A breakaway gap is when the price suddenly jumps higher or lower, away from the previous trend and starts moving in the opposite direction. This type of gap is fairly normal and happens often. Each type of gap has a different meaning and implications for traders.Ī common gap is a period of time where the price of a security doesn’t move. There are four types of gaps that can occur on a stock chart: common, breakaway, runaway, and exhaustion. RECOMMENDED: Go here to see my no.1 recommendation for making money online Four Gap Types Traders who follow fundamental analysis may want to buy or sell the stock when it fills the gap. A company may have released new information that has caused the stock to gap up or down.

Some traders believe that gaps need to be filled before the stock can continue moving in the direction of the gap.Īnother reason stocks may need to fill gaps is due to fundamental analysis. When a stock prices gaps up or down, it leaves a hole in the chart. One reason stocks may need to fill gaps is due to the price action. RECOMMENDED: Go here to see my no.1 recommendation for making money online Why do stocks need to fill gaps? Bullish gaps occur when the stock gaps up, while bearish gaps occur when the stock gaps down. Gaps can be either bullish or bearish, depending on the direction of the gap. Conversely, if an analyst downgrades a stock from “buy” to “hold”, this could cause the stock to gap down.įinally, gaps can also form due to technical factors such as a breakout from a key level of resistance or support. For example, if an analyst upgrades a stock from “hold” to “buy”, this could cause the stock to gap up.
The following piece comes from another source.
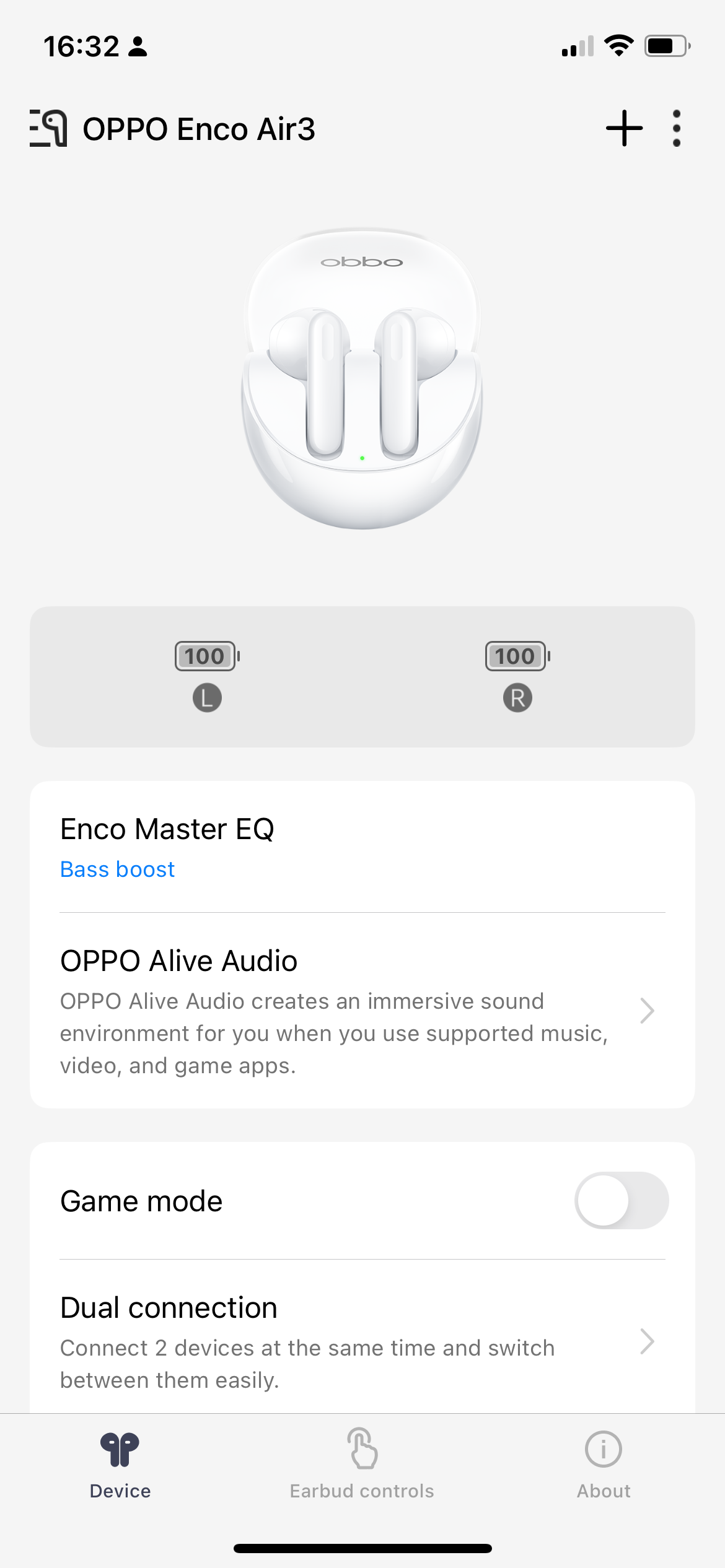 While it's a model from last year, the Enco Air3's features are up-to-date. No gimmicky Active Noise Cancelling here, but the Oppo can switch between two devices easily thanks to the multipoint connection. Phone and video calls are clear, as the microphones put your voice through natural and clear. Noise around you is audible but not too loud, and your voice also survives a bit of wind. The gaming mode is equally convincing, with the sound effects fluently following the action on a challenging game like Call of Duty mobile.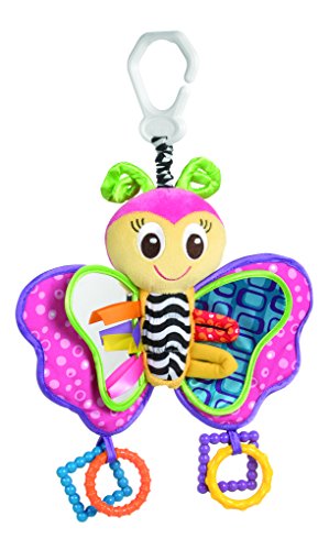: Meet the cute and delightful Blossom Butterfly! With a range of colors and textures for visual and tactile development this baby toy is lots of fun for any baby! Blossom Butterfly has crinkle sounds in the wings, an added mirror feature for fun peek-a-boo play, plastic hanging rings for teething relief and a whistling sound when she bounces. Very easy to take along with you in the pram, stroller or car seat, Blossom Butterfly features an easy C-clip attachment to keep her secure whilst on the go!Feature

Similarly, if a company announces poor earnings, this could cause the stock to gap down as investors sell the stock.Īnother common reason for gaps is when there is a change in analyst ratings or price targets. For example, if a company announces a new product, this could cause the stock to gap up as investors buy the stock in anticipation of the new product. One common reason is that there is news about the company that causes investors to buy or sell the stock. There are many reasons why gaps can form in stocks. RECOMMENDED: Go here to see my no.1 recommendation for making money online What Causes Gaps? Such indicators are used by investment analysts and I have reviewed the works of some of the more popular ones like Marc Chaikin and Tom Gentile. We will take a closer look at them later. As their names suggest, breakout gaps signal a break from a previous trading range while continuation gaps signal the continuation of an existing trend. There are two types of gaps that commonly occur in the stock market: breakout gaps and continuation gaps. You might want to buy more shares at $12 to fill the gap.

For example, imagine you own shares of Company XYZ and the stock price gaps up from $10 to $12. The dictionary defines a gap fill as “an unfilled space or interval.” When it comes to stocks, a gap fill is the act of buying a stock to fill the void left by a previous price move. RECOMMENDED: Go here to see my no.1 recommendation for making money online What’s a Gap Fill?